Bereano also shows how Western corporations only intend to cherry-pick the most profitable aspects of the food production chain, while leaving the public sector in Africa to pick up the tab for the non-profitable aspects that allow profitability further along the chain.
Giant agritech corporations with their patented seeds and associated chemical inputs are ensuring a shift away from diversified agriculture that guarantees balanced local food production, the protection of people’s livelihoods and agricultural sustainability. African agriculture is being placed in the hands of big agritech for private profit under the pretext of helping the poor. The Gates Foundation has substantial shares in Monsanto. With Monsanto’s active backingfrom the US State Department and the Gates Foundation’s links with USAID, African farmers face a formidable force.

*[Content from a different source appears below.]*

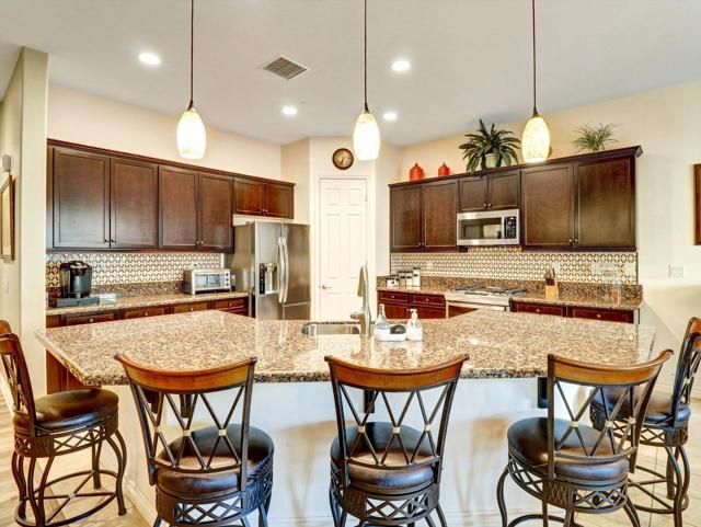 Welcome to 85642 Molvena Drive - an immaculate and spacious single-story home located in the desirable community of Four Seasons at Terra Lago in North Indio Ca. This well-maintained property offers a comfortable and open layout featuring 3 bedrooms (with den), 2 bathrooms, and over 2,400 square feet of living space. Enjoy a bright and airy great room with high ceilings, a modern kitchen with granite countertops, stainless steel appliances, and a center island perfect for entertaining. The primary suite is a private retreat with a walk-in closet and ensuite bath with dual vanities. Step outside to a beautifully landscaped backyard with a covered patio--ideal for relaxing or entertaining. Located in a gated community with low HOA fees, you'll enjoy access to walking paths, lakes, golf courses, and close proximity to schools, dining, shopping, and the I-10 freeway. Whether you're looking for a primary residence, vacation home, or investment property, this home checks all the boxes! Furnishings available outside of escrow. Call today @ 760-574-2299 for a private showing
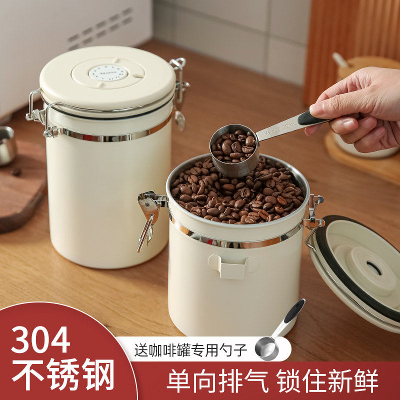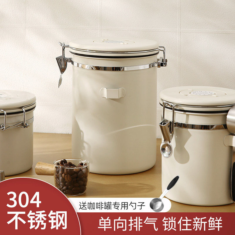 不锈钢咖啡豆密封罐真空单向排气保存罐储存收纳储豆罐养豆储存罐

Report after report suggests that support for conventional agriculture, agroecology and local economies is required, especially in the Global South. Instead, Western governments are supporting powerful corporations with taxpayers money whose thrust via the WTO, World Bank and IMF has been to encourage strings-attached loans, monocrop cultivation for export using corporate seeds, the restructuring of economies, the opening of economies to the vagaries of land and commodity speculation and a system of globalised trade rigged in favour of the West.
In this vision for Africa, those farmers who are regarded as having any role to play in all of this are viewed only as passive consumers of corporate seeds and agendas. The future of Africa is once again being decided by rich men in London.